_Source data_

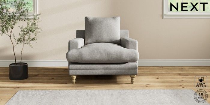 6.12.1 Buy Hutton Deep Relaxed Sit Armchair Woven Chenille Easy Clean Light Grey Country Turned - Light from the Laura Ashley online shop Click here to use our website with more accessibility support, for example screen readers
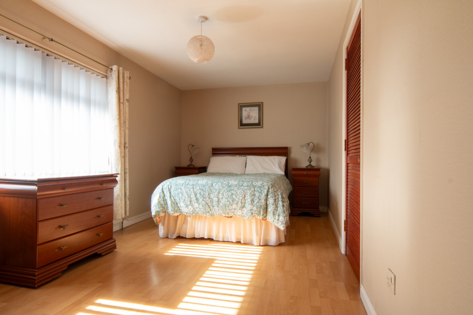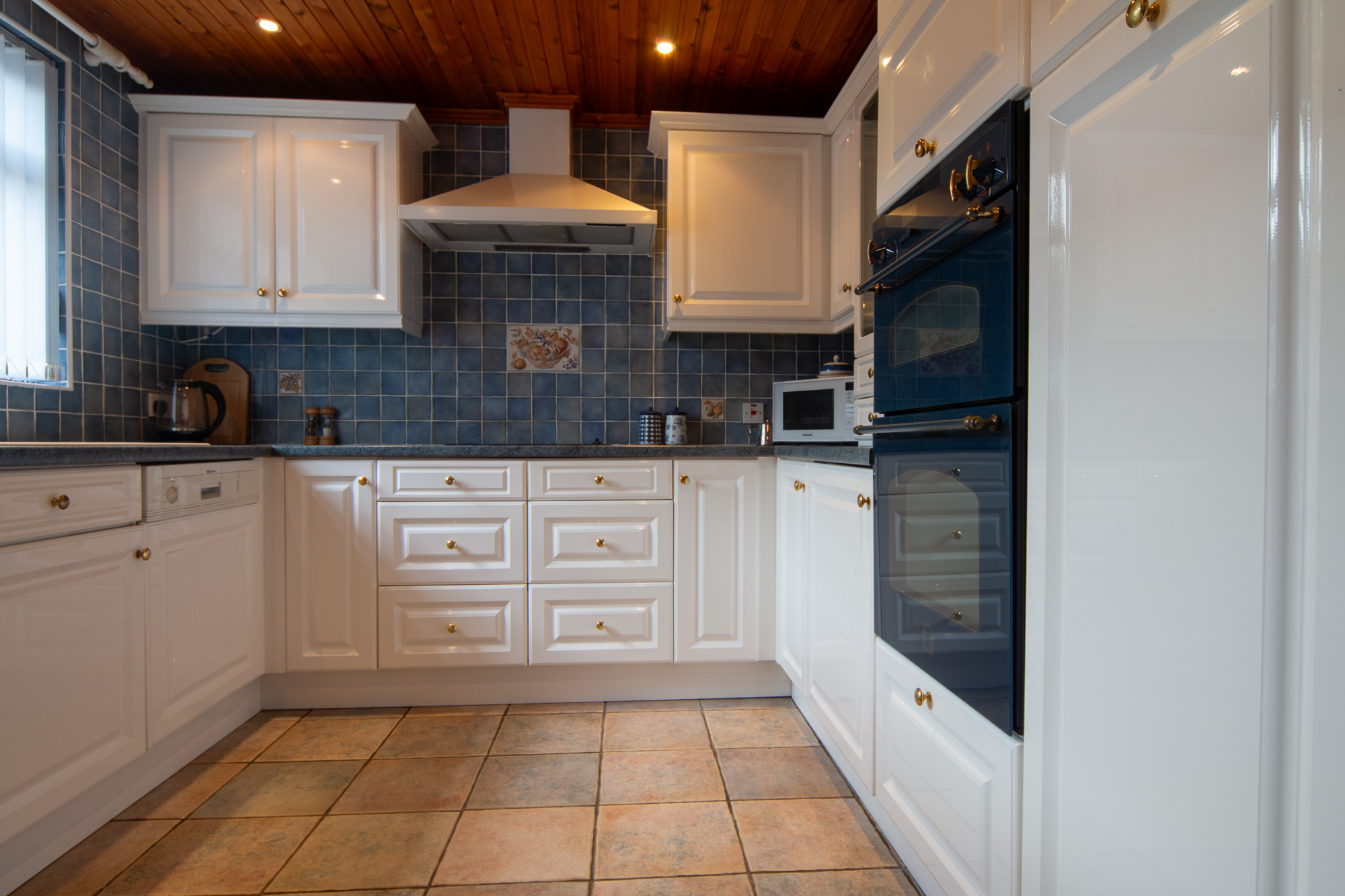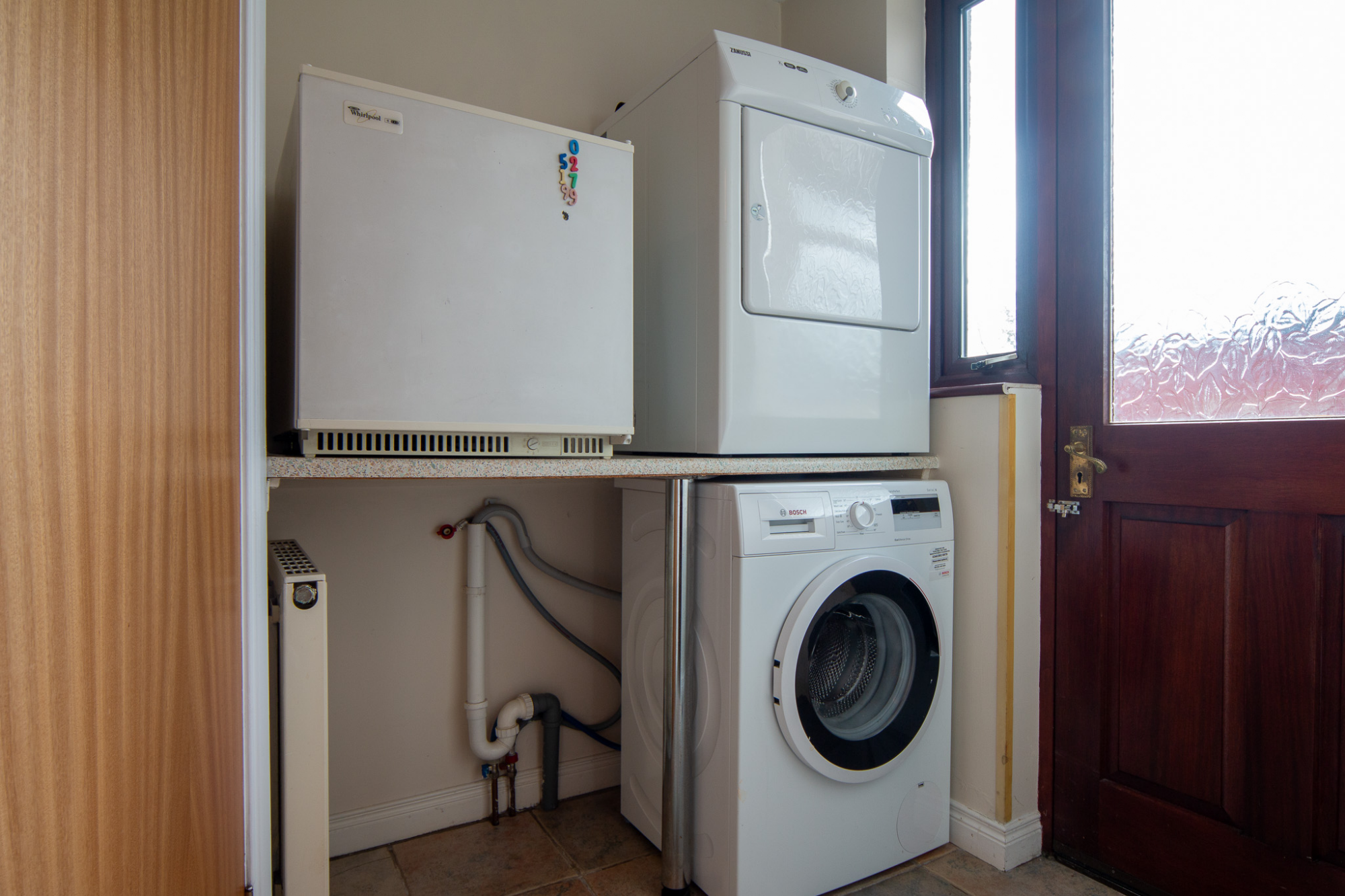 The kitchen again carries a neutral colour scheme, with storage provided via a mix of low-and-high-rise units. The spacious nature of this property's kitchen allows ample space for the dining table. The floor is tiled meaning for a practical approach with regards to cleaning. Also incorporated into the kitchen are the fridge and oven. Access to the rear of the property can also be gained through the kitchen, additionaly there is a built in storage unit included in the kitchen/dining area. A widely sought-after asset in todays market!
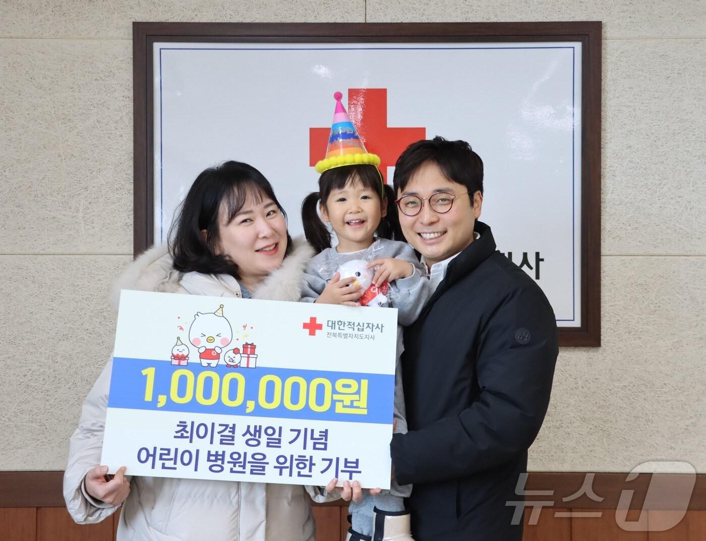 전북 전주의 거주하는 최이결 양(4)과 그 가족들이 어린이 환우를 위한 기부금 100만원을 대한적십자사 전북자치도지사에 전달했다.(전북적십자사 제공. 재판매 및 DB 금지)관련 키워드대한적십자사전북적십자어린이 환우장수인 기자 2층 주택서 떨어진 유리문…군인이 몸 던져 행인 구하고 부상"사육·가공·유통 생태계 갖춰"…익산시, '치킨벨트 거점 지정' 건의

_Task goal_
Restate word for word, and only, the lines from the line that contains "The kitchen again" through the end of the data, both included; pictures are not part of the copy.

_Solution for this exercise_
 The kitchen again carries a neutral colour scheme, with storage provided via a mix of low-and-high-rise units. The spacious nature of this property's kitchen allows ample space for the dining table. The floor is tiled meaning for a practical approach with regards to cleaning. Also incorporated into the kitchen are the fridge and oven. Access to the rear of the property can also be gained through the kitchen, additionaly there is a built in storage unit included in the kitchen/dining area. A widely sought-after asset in todays market!
 전북 전주의 거주하는 최이결 양(4)과 그 가족들이 어린이 환우를 위한 기부금 100만원을 대한적십자사 전북자치도지사에 전달했다.(전북적십자사 제공. 재판매 및 DB 금지)관련 키워드대한적십자사전북적십자어린이 환우장수인 기자 2층 주택서 떨어진 유리문…군인이 몸 던져 행인 구하고 부상"사육·가공·유통 생태계 갖춰"…익산시, '치킨벨트 거점 지정' 건의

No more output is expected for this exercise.